CUT&RUN was done according to the manufacturer’s protocol (EpiCypher). We used 200,000–500,000 flow sorted mouse Lin− Sca-1+ c-kit+ HSPCs or K562 or HUDEP-1 cells for each experiment. Raw data were processed using FastQC and CUT&RUNTools and mapped to mm10 (Zhu et al., 2019). Parameters of individual software called by CUT&RUNTools, including Bowtie2, Trimmomatic, Picard (http://broadinstitute.github.io/picard/), Samtools were left unchanged. E. coli spike-in DNA was used for normalization. We mapped the sequencing reads to E. coli genome using Bowtie2 (–end-to-end –very-sensitive –no-overlap –no-dovetail –no-mixed –no-discordant) and calculated the “spike_in_ratio” in each sample as “Ecoli_reads/Total_reads”. The bigwig tracks were generated using bamCoverage from deeptools package with “scale_factor” calculated as 1/(spike_in_ratio * cell_number_factor), where “cell_number_factor” to balance signal based on cell input. For human HUDEP-1 and K562 cells, analysis was performed on the Basepair platform with alignment done with Bowtie2 (basepairtech.com). Differential peak calling was completed with MACS2 and motif analysis was done with Hypergeometric Optimization of Motif EnRichment (HOMER) (Feng et al., 2012).

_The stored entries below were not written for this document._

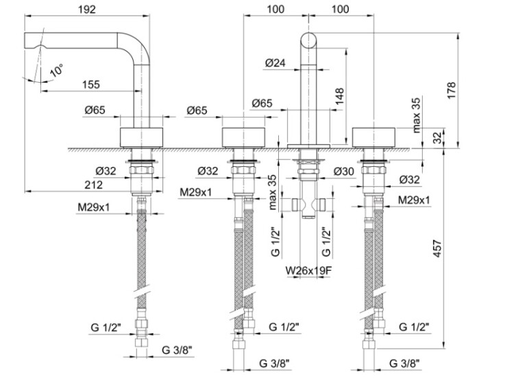 Смеситель для раковины, Fantini, AF/21 Fukasawa, тип открывания воды-двухвентильный, тип регулирования воды-керамический картридж, отверстия для монтажа-3, высота, мм-178, вынос излива, мм-155, цвет-хром, в комплекте-ручки, подводка Смеситель для раковины, Fantini, AF/21 Fukasawa, цвет-хром
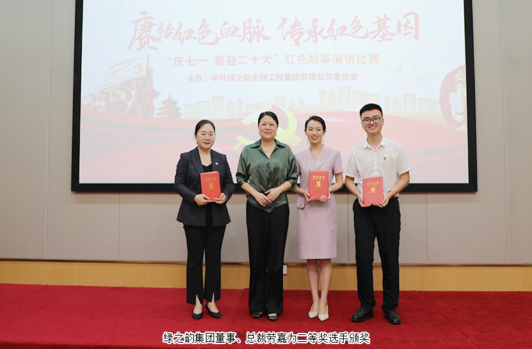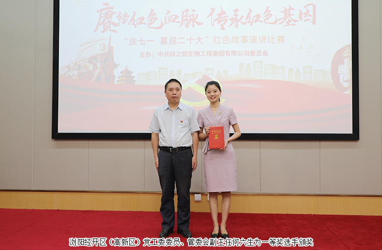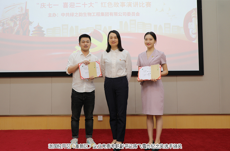比賽結(jié)束,綠之韻集團黨委組織委員楊丹宣讀比賽結(jié)果。隨后,與會領(lǐng)導(dǎo)為獲獎選手頒獎。瀏陽經(jīng)開區(qū)(高新區(qū))黨工委委員、管委會副主任何六生在講話中表示,每一個紅色故事,都是一場生動的黨課,聆聽了所有選手的深情演講,收獲許多也學(xué)習(xí)到許多。他向今天獲得表彰的選手表示祝賀,向在場的所有黨員送上“七一”生日祝福,并祝愿綠之韻的明天更加美好。綠之韻集團黨委書記劉云表示,感謝公司領(lǐng)導(dǎo)對此次活動的支持重視與熱情參與,大家的肯定與支持是推進集團黨建工作的力量源泉。她對今天參加比賽的所有選手給予了肯定和鼓勵。她希望,在集團公司黨委的帶領(lǐng)下,所有黨員能把弘揚革命傳統(tǒng),傳承紅色基因融入到企業(yè)發(fā)展的全過程,匯聚綠之韻最大“同心圓”,不忘初心、奮力譜寫新時代高質(zhì)量發(fā)展的新篇章,開創(chuàng)綠之韻更加美好的未來。
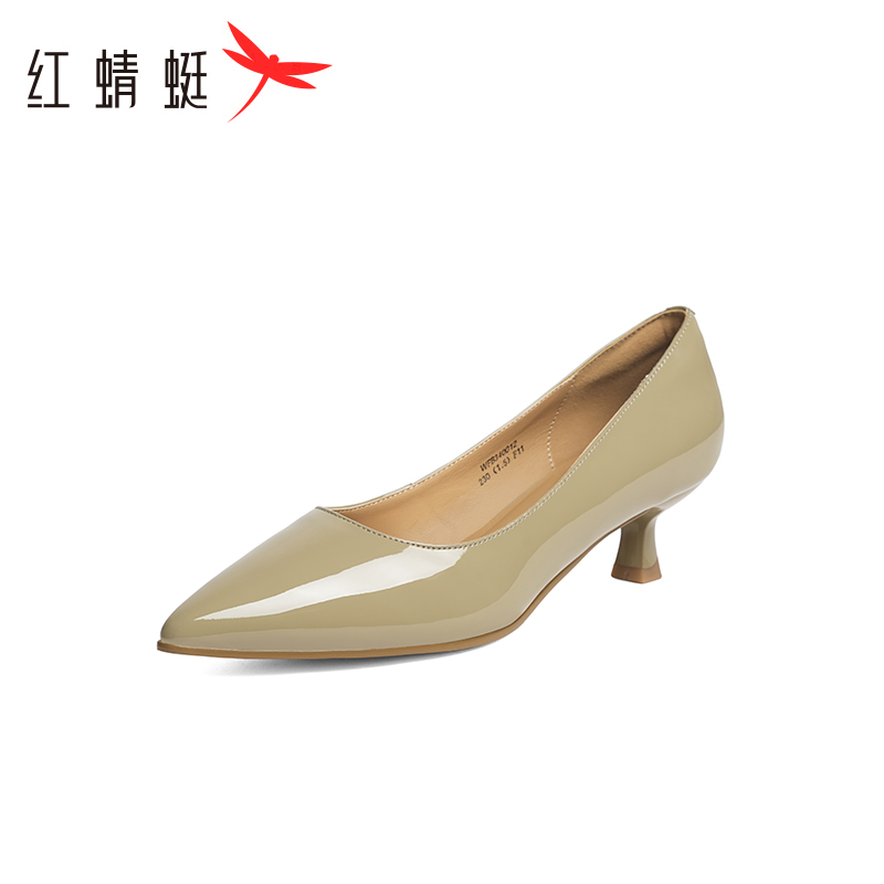 女鞋 新款 通勤职业小皮鞋 法式 红蜻蜓尖头高跟鞋 气质细跟单鞋 女秋季
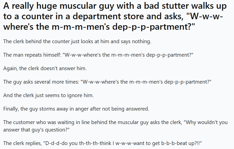 “Excuse me, sorry, oops, excuse me, pardon me, gotta hurry, oops, excuse me.”

QUANTIFICATION AND STATISTICAL ANALYSIS

Statistical analysis was performed in Prism and Excel. The statistical details of individual experiments can be found in the figure legends including the statistical tests used, value of n, what n represents, number of experiments, and definition of center with precision measures.